An In-Depth Look at the Mail Classifier

Building the Mail Classifier - How we Automatically Sync Email to the RMS at Scale

We recently introduced a new feature for the Bipsync RMS (see release notes 164 here). It’s called the Mail Classifier, and it allows Bipsync to automatically ingest and classify incoming email within an external mailbox. 

Email is an essential communication tool for all our clients, but the way in which email fits into the research process might change from client to client. Thus it was important for us to develop a highly customizable tool, allowing each fund to tailor the email classification feature to their unique workflow.

We enable this, in part, through the application of Rules. Through the Bipsync Rules engine, clients can specify: which emails Bipsync automatically import; what to tag these emails with and which Bipsync user should be set as the author.

Emails can be routed in to Bipsync via the application of rules.

Connecting to a mailbox

The first step in using the Mail Classifier is to link a mailbox with Bipsync via our Setup app. A client must provide essential details about their mailbox so that Bipsync can access it over IMAP.

Configuring a mailbox

Once a mailbox has been configured, it is possible to switch over to a preview of the mailbox.

The preview shows the ten most recent emails received and any of these emails can be used to jump start the creation of a rule. So, for example, if one of the ten recent emails has come from a domain of interest (e.g. morganstanley.com) then a user can quickly create a rule which will act on every email sent from that domain. This is a neat shortcut, but we’ll look at rules in more detail in a little while.

Once a mailbox has been set up with the Mail Classifier enabled, the magic starts to happen.

By default, the Mail Classifier will fetch mail every ten seconds. For each mailbox, we store the ID of the last processed email to use as a starting point for the next fetch. This ensures that the classifier does not accidentally process the same email twice, which could lead to duplicate content in the system.

We impose a configurable limit on the number of emails that are processed in each request – by default this is 100. IMAP is slow, especially when attachments are involved, so this is user-experience and performance driven. The limit ensures that work is done in manageable batches and users aren’t left waiting for something to happen.

The mail fetch process

Once a mailbox has been configured the next step is to set up some rules. These decide which emails should be converted into notes, and the format of those notes. Each rule consists of conditions and actions.
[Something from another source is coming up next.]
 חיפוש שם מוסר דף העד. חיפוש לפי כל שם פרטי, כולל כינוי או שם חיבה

One Does Not Simply Get Imported Into Bipsync

Once we have fetched a set of emails we need to process them.

Taking the set of rules that have been configured for that mailbox and all the fetched emails, we apply one rule at a time, to each email in the list.
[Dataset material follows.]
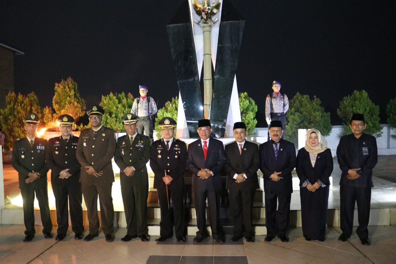 KILASARIAU.com - Bupati Kabupaten Inhil mengikuti apel kehormatan dan renungan suci dalam keheningan di Taman Makam Pahlawan Yudha Bakti, Tembilahan Hulu, Sabtu (17/8/2019) malam.

An email matches a rule if it passes all the rule’s conditions. Conditions are set up through an intuitive, additive interface, making it possible to create very targeted rules. We were careful to design the interface and our code in such a way as to make it easy to introduce additional condition types in future.

The condition types we have included are relatively simple. For example, if we wish to check if an email has come from a specific domain it’s a matter of taking the ‘from’ field out of the email and then comparing the string after the @ symbol with the domain name(s) specified for that condition in the setup app. If there are any matches the Mail Classifier knows that the email does come from one of the specified domains. This process is repeated for each of the conditions enabled on that specific rule and if all of the enabled conditions pass, the email has met the requirements for that rule.

When an email matches all the conditions on a rule, it will be added to a list of filtered messages. This list contains emails that have passed at least one rule; in this way we are filtering out email that does not match any rules. We continue to process the rest of the rules against the remaining emails.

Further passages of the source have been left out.